Statue Readied to Honor ‘Black Governor’

Thomas Breen, New Haven Independent, July 10, 2020

A seven-foot-tall bronze statue of William “King” Lanson will soon stand along the Farmington Canal — giving a permanent, public, and highly visible form to a Black New Havener who helped build the modern city. The Lanson statue represents the culmination of a decade’s worth of advocacy by the Amistad Committee, working in recent years with the City Plan Department to make the memorial a reality.

The public artwork will honor the early 19th-century local engineer, entrepreneur, and Black political leader who freed himself from slavery, built a section of the Farmington Canal, and constructed an extension of Long Wharf that allowed for the local port to rival New York’s.

He was also elected “Black governor” in 1825, helped found what is now Dixwell Congregational Church, owned land and ran businesses on what is now Wooster Square — and, after encountering opposition from white authorities and the business establishment, died in the poorhouse.

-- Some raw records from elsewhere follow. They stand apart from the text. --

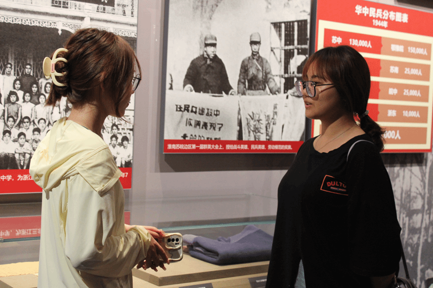 在参观结束后,B食品231的姚婧妤同学表示:“在纪念馆里,见证了新四军的诞生、见证了韦岗战役的影响、见证了盐城会师的震撼。一处处展区,一次次地让我感到了深深的震撼。看到当时在战争中保存下来的信,我们会近距离观看里面到底写的内容。”
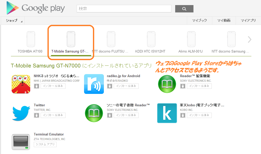 ちなみに Google Play Store は T-Mobile Samsung GT-N7000として見えてます。
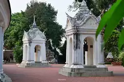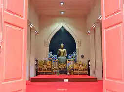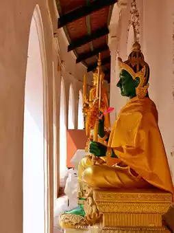In addition to Phra Pathom Chedi, in the lower courtyard to the south of Phra Pathom Chedi and the ordination hall, there is a principal Buddha image, a white stone Buddha image. Which are two of the four Buddha images in the sitting position with their feet dangling, preaching posture, built in the Dvaravati era.
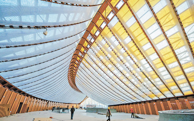 “館頂的琉璃瓦是仿真的,實際上是鋁合金型材。既可以模擬傳統建筑的質地,也能節約成本,這是現代科技元素在北京世園會的獨特運用。”黎靚對記者說。中國館的底層展廳還采用了覆土被動房技術,利用地道風,降低館內空調使用能耗。
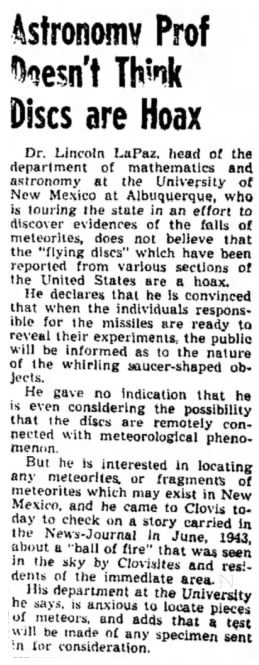 Le docteur Lincoln LaPaz, chef du département des mathématiques et de l'astronomie à l'Université du Nouveau-Mexique à Albuquerque, qui parcourt l'état dans un effort pour découvrir les chutes de météorites, ne croit pas que les "disques volants" qui ont été rapportés dans diverses sections des Etats-Unis, sont un canular.
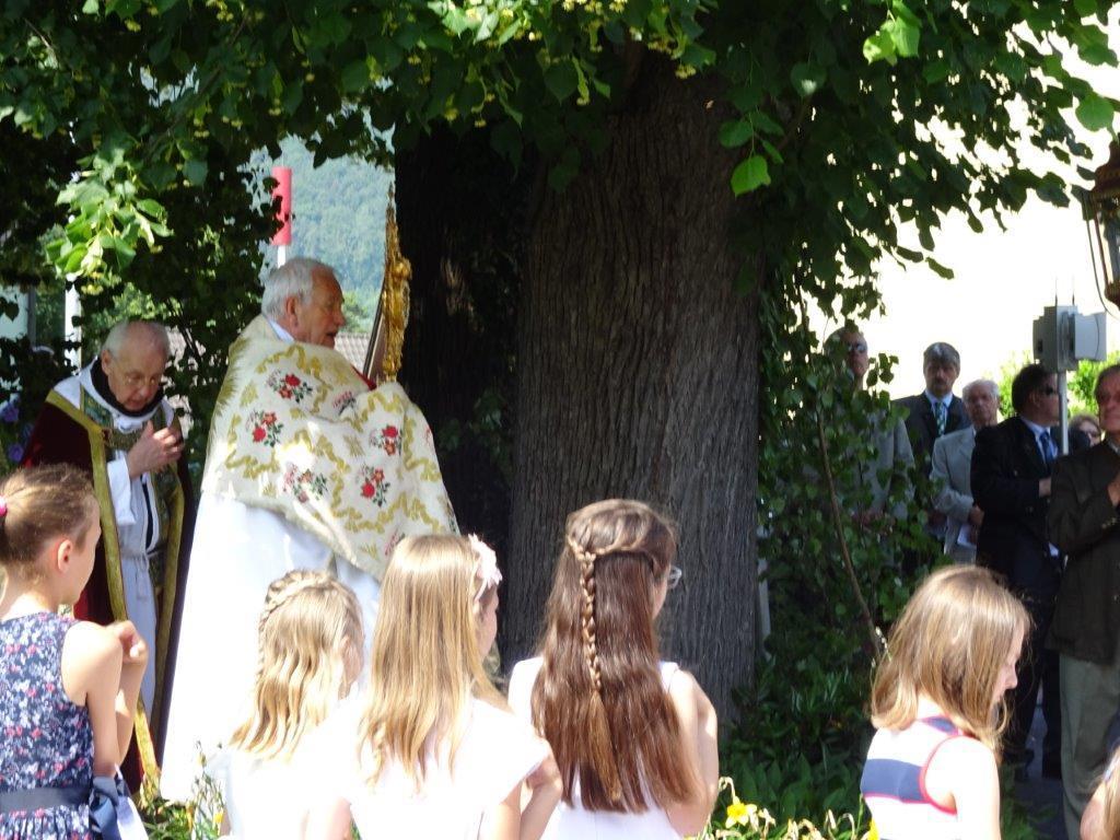Die Prozession, an der einige Erstkommunionkinder und etliche örtliche Vereine, wie Musikverein, Landjugend, Kameradschaftsbund, Oberlandler, Hocholma teilgenommen haben, endete dann mit einen Segen und dem "Großer Gott wir loben Dich" in der Pfarrkirche.
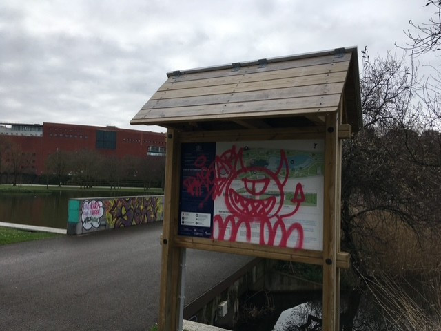 Pero siempre tienen que aparecer los vándalos, los que no respetan nada, los que no han recibido educación de sus padres y su único disfrute es destrozar todo lo que puedan dejando su huella. Debido a su escasa inteligencia y escaso conocimiento, no valoran lo que el parque les ofrece, no respetan los carteles, los muros, las papeleras, nada que se les ponga por delante y que puedan dañar. No me vale que me digan que son jóvenes y no saben lo que hacen, porque bien saben comprar los sprays para pintarrajearlo todo.
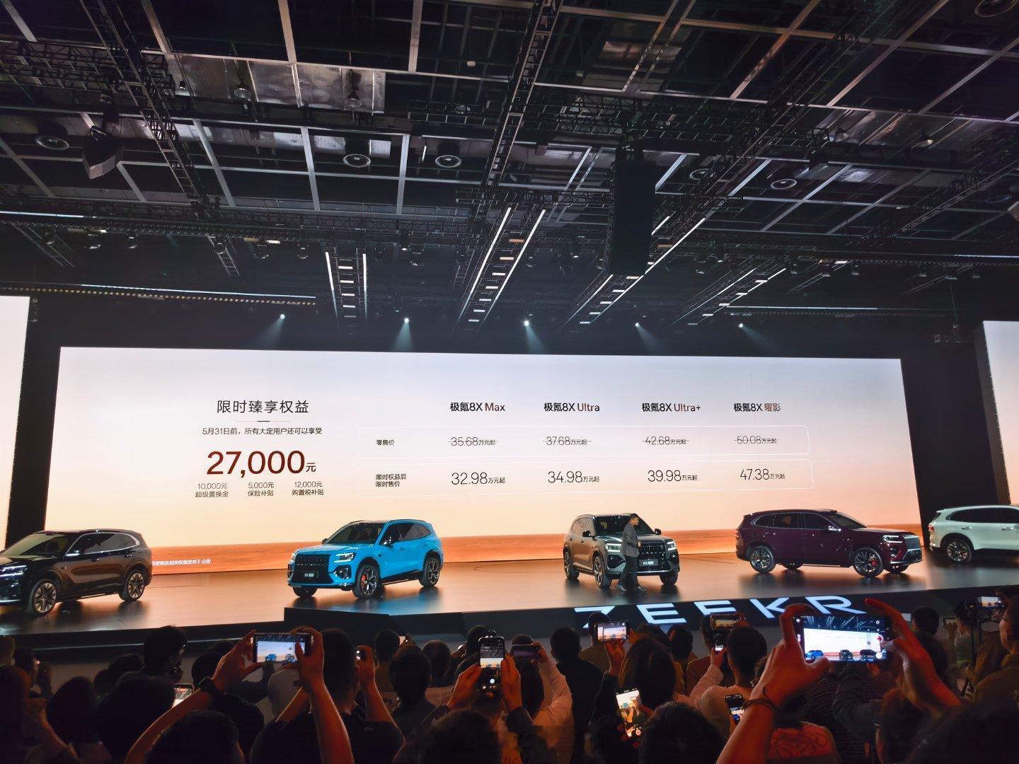 曜影版顶配不到50万,这价格感觉能给自己狠狠的省一笔钱了 极氪8X上市限时售价32.98万元起
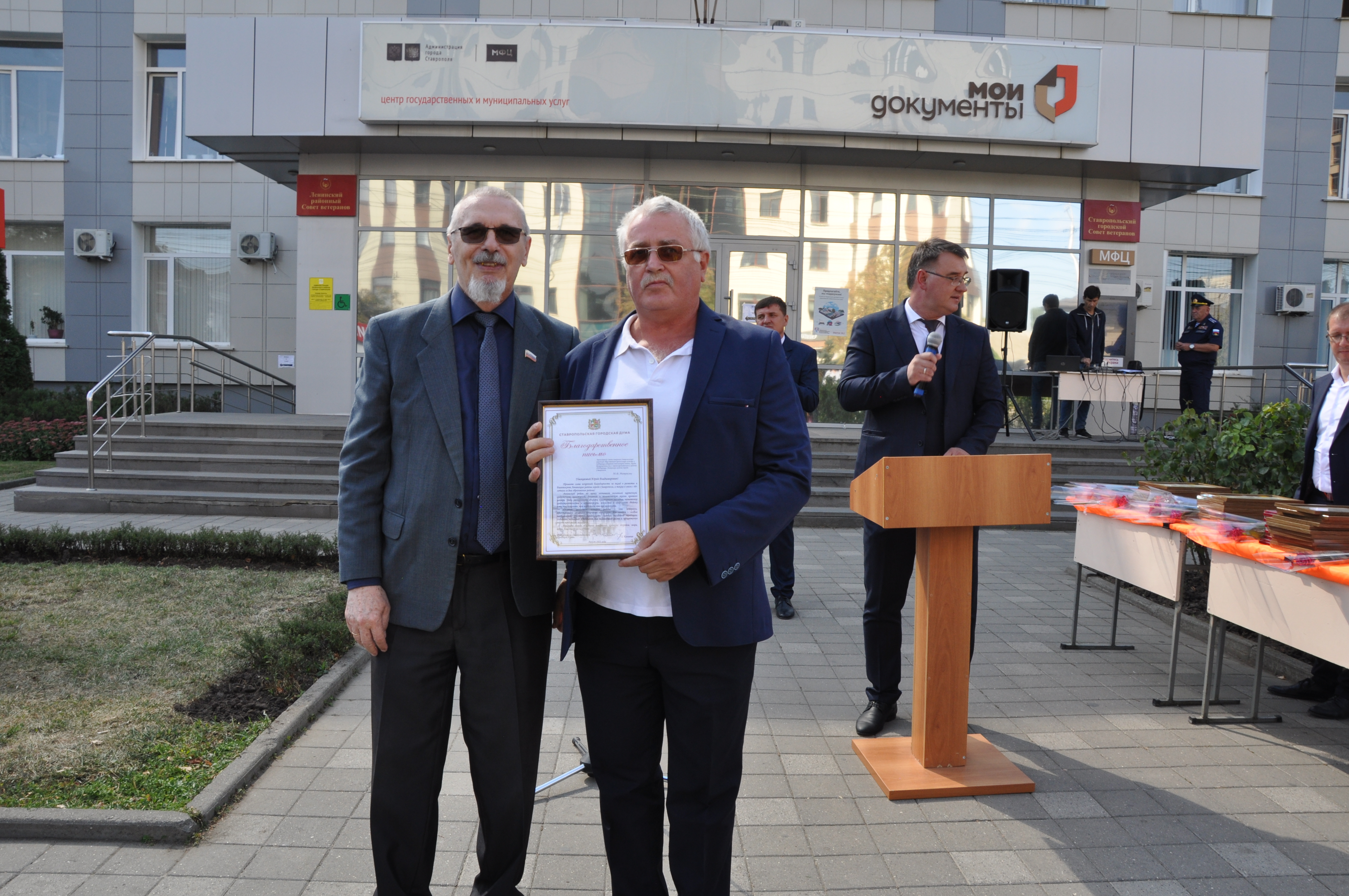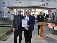 Георгий Колягин вручил благодарственное письмо председателю Совета ветеранов Ставропольской городской общественной организации помощи и поддержки ветеранов (пенсионеров) войны, труда, Вооруженных Сил и правоохранительных органов «Поддержка» Ленинского района города Ставрополя Юрию Митрясову.
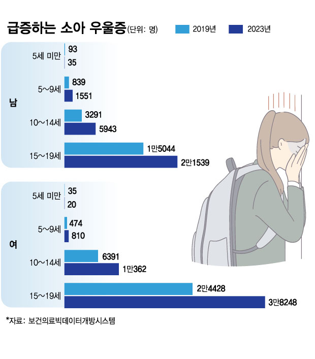 과연 소아우울증이 얼마나 많이 늘었을까. 건강보험심사평가원의 보건의료빅데이터개방시스템에 따르면 15~19세 남학생의 우울증 진단 건수는 2019년 1만5044명에서 2023년 2만1539명으로 43.2%포인트, 여학생은 2만4428명에서 3만8248명으로 56.6%포인트 늘었다. 서울대어린이병원 소아정신과 김재원 교수는 이처럼 소아우울증이 급증한 원인으로 "한국에선 어릴 때부터 학업 등의 이유로 스트레스에 많이 노출되기 때문일 것"이라고 분석했다.
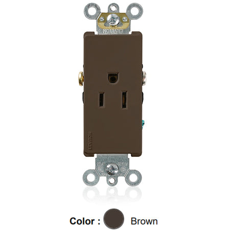 Leviton 16251, Decora Plus Straight Blade Single Receptacle, Commercial Specification Grade, Smooth Face, 15A 125V, NEMA 5-15R, 2-Pole, 3-Wire, Back and Side Wire, Brown
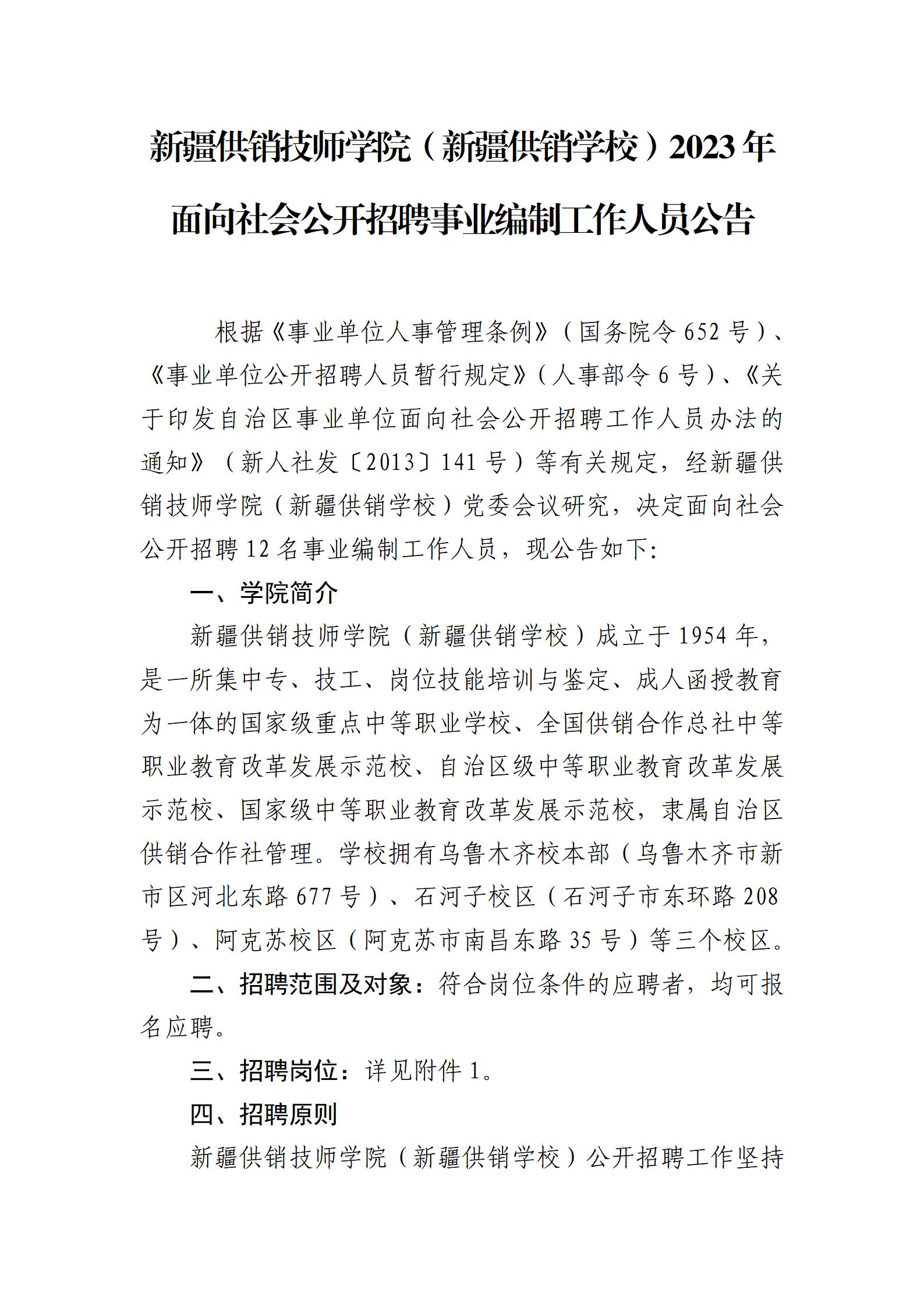 新疆供銷技師學(xué)院新疆供銷技師學(xué)院(新疆供銷學(xué)校)2023年面向社會(huì)公開招聘事業(yè)編制工作人員的公告
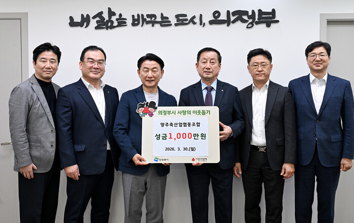 경기 의정부시가 지난 30일 양주축산업협동조합으로부터 저소득층을 위한 성금 1000만원을 기탁받았다. 사진은 성금 전달식에서 김동근 시장(왼쪽 세 번째)이 관계자들과 함께 기념 촬영을 하는 모습. (사진=의정부시청 제공)
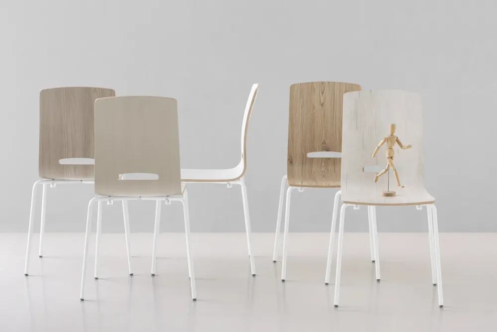 Seduta impilabile dalle curve delicate ed essenziali, con scocca in legno multistrato nobilitato melamminico effetto legno o monocolore, da abbinare ai piani o alle gambe dei tavoli.

The plan is for the statue to be unveiled Sept. 26 at 11 a.m. on a grassy, city-owned plot near the Farmington Canal and Lock Street, in between the Yale Health Center and Yale’s Benjamin Franklin and Pauli Murray Colleges.

According to a presentation by City Plan Director Aïcha Woods during Monday’s Cultural Affairs Commission meeting, the city-commissioned statue will be one part of an “interpretative landscape” and larger memorial along the Farmington Canal that will be “dedicated to the history of William Lanson.”